We all make mistakes, but when Child Protective Services makes a mistake it can cost a child’s life. While very rare, child fatalities may be the direct cause of a staffer’s misjudgment. It could be the result of missing or incomplete files, a case being transferred to other staff without sufficient briefings, or just having a very distracted week with a million other pressing tasks to finish. As former employees of child welfare operations, we have collaborated with some of the noblest, most hard-working colleagues we’ve ever encountered. But we also know that cases like Anna’s, to varying degrees, happen all too frequently in all too many communities. And that troubles us deeply.

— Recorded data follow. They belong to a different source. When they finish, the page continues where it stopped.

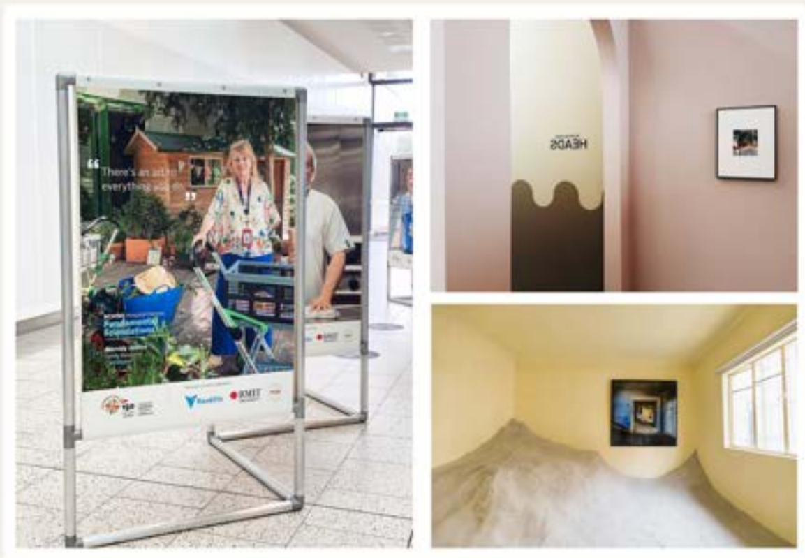
Royal Melb hospital 150 year celebration exhibition

Please arrange an appointment to discuss opportunities for your next project.
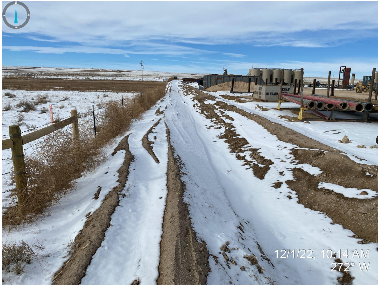
Photo 7. Facing west from sediment trap, see comments in Photo 5.
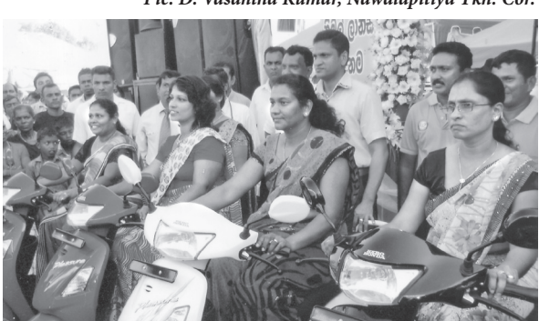
Four women from the low income group received motor-cycles at a presentation ceremony at the Negombo Municipal Council Grounds.W.A. Nimal Lanza, Minister of Tourism and Fisheries of the Western Province and Anthony Jayaweera, Mayor of Negombo are also in the picture
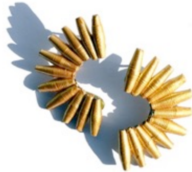
FGE fan gold
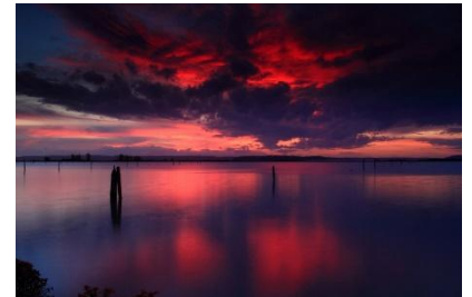
"One Last Good Sunset"
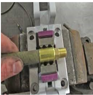
Mechanical cramped fitting

Review all airlines for suitability of use and type of fastener to secure the fitting. • Ensure the hoses used are made to British Standard for the application you are using. • Ensure the fitting is the correct size for the hose being used. • When adjusting any airline fitting, use a fresh, clean and undamaged part of the correct hose when fastening the fitting. • Use the appropriate fastener for your pressure applications. Seek advice from a hose specialist. • High pressure applications should use mechanical fabricated fitted or crimped fastenings. • The preferred mechanical fastenings shown below can be done in house with the correct equipment and training.
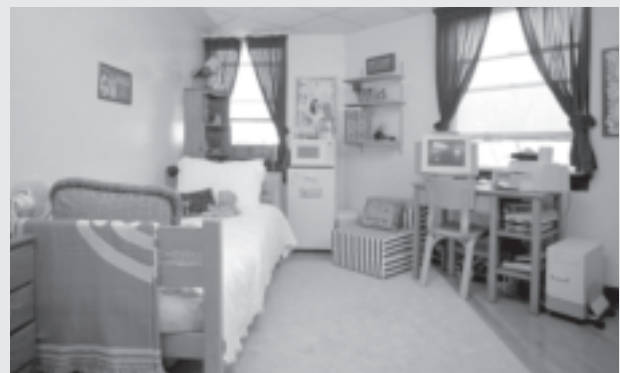
The price of a residence hall room includes local phone service, cable service, Internet access, and utilities. A room comes furnished with two twin beds, one dresser, two desks, two chairs, and a trash can.

Reasons other than those listed may qualify as exemptions based on the determination and at the discretion of the Director of University Housing. The Vice President for Student Affairs shall review appeals of these determinations and the decision upon any such appeal is a final action.
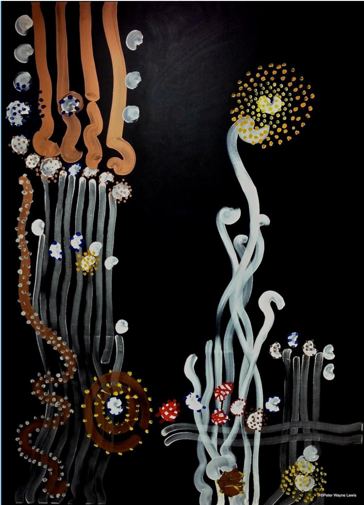
Brain Dance , 2014

You don’t need a license to have kids, and there’s no authority that routinely checks up on people to make sure they’re not botching the job spectacularly. But once in a while, things get so bad that we as a society decide it’s time to intervene, and that intervention takes the form of sending investigators out in the middle of the night to check up on the safety of a baby left in a hotel room. As we do with the police, we scrape together a pile of intractable problems from society’s most challenging corners, dump them into the lap of some bureaucrat, and say, “here, handle this.” Meanwhile, the rest of us get off easy, raging as we do against irresponsible moms, deadbeat dads, drugs, or perhaps an entire ethnicity, then calling it a day.
All things being equal, of course, kids are better off in the family home. The attachments we form to parents are powerful and rupturing them is all but guaranteed to bring with it major consequences. Kids taken away from their parents have all kinds of trouble relating to others – what we formally call emotional attachment – and those problems can continue for decades. This severely constrains their ability to build their own healthy families, make money, build social capital, and generally be happy.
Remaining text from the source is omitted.